The attachments were regularly issued in actions for the recovery of money. But they were wholly useless as processes, unless they authorized the sheriff to seize the goods in question, as the property of the defendants named therein, and gave him such a specific lien on the goods seized as enabled him to show their transfers to Parise and the plaintiff were fraudulent as against the creditors of Cartwright Hassard.
The numerous authorities cited by the plaintiff's counsel have failed to satisfy me that an attachment is a useless process, when the debtor has fraudulently assigned or disposed of his property before it is executed. They establish that a creditor at large, without any process or lien, can not seize or hold the property of his debtor on the ground that he has transferred it with the intent to defraud his creditors. But *49 none of them, except Hall v. Stryker, (29 Barb. 105,) which was followed by the Supreme Court in this case, and induced the decision in Bentley v. Goodwin, (15 Abb. Pr. Rep. 82,) show that an attaching creditor can not prove, when sued for the property attached, that the plaintiff's claim thereto is invalid, and rests upon a fraudulent transfer of the property by the debtor.

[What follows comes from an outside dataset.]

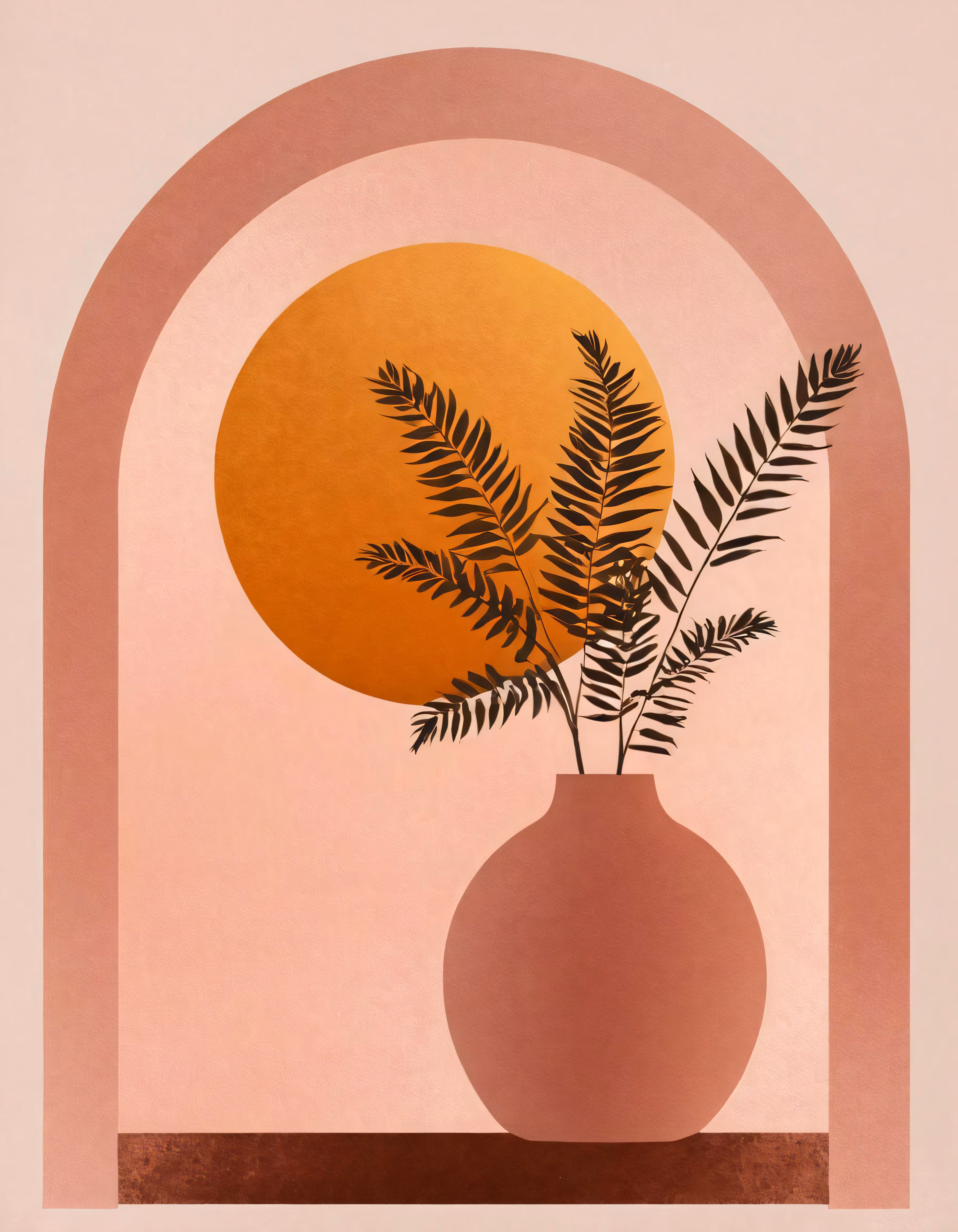 High resolution picture, free to use, an abstract graphic of a vase with leaves on the table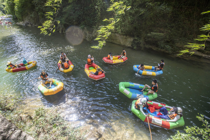 游客在贵州省黔东南苗族侗族自治州施秉县杉木河景区漂流。磨桂宾摄(中经视觉)

The cases mentioned in Hall v. Stryker, which hold that an officer can not justify, when sued by a stranger for property he has taken on execution, without proving the judgment on which the execution was issued, as well as the execution itself, only tend to show that the production of the attachment, by virtue of which the property has been seized, without the affidavit on which it was granted, is insufficient as a foundation for the defense that the plaintiff's claim to the property rests upon a fraudulent transfer of the same to him by the defendant named in the attachment.
The remarks of the judges who delivered the opinions inFrisbey v. Thayer, (25 Wend. 396,) and Hastings v.Belknap, (1 Denio, 190,) and the other kindred cases cited, that a landlord who seizes goods off the demised premises, by virtue of a distress warrant, can not prove, when sued for the goods by one who has purchased them from the tenant, that such purchase was fraudulent as against the creditors of the tenant, were obiter, and unnecessary to the determination of the cases in which they were made. Besides, a distress warrant is not granted by a judicial officer, but is issued by the landlord in person; and the right to seize goods of the tenant on such a warrant, after they are removed from the demised premises, did not exist at common law. But I am constrained to say, if there is not any substantial difference in principle between those cases and the one under consideration, I can not assent to the dicta in them. For the statute referred to in those cases only prohibits the seizure of the goods of the tenant, carried off from the demised premises, "which shall have been sold before such seizure made in good faith and for a valuable *50 consideration, to a person not privy to such fraudulent removal," (2 R.S. 2d ed. 413, § 17;) and the right to distrain without the right to prove that the distress was lawful, when sued for making it, is no right at all. I have much less hesitation in repudiating the dicta referred to than I should have if distress for rent had not been abolished by the legislature. This course will not tend to unsettle any rule of law now acted upon by the profession or people at large, and it will open the way for establishing a principle upon a just foundation which must be constantly acted upon, so long as attachments are issued against debtors who have disposed of their property with the intent to defraud their creditors.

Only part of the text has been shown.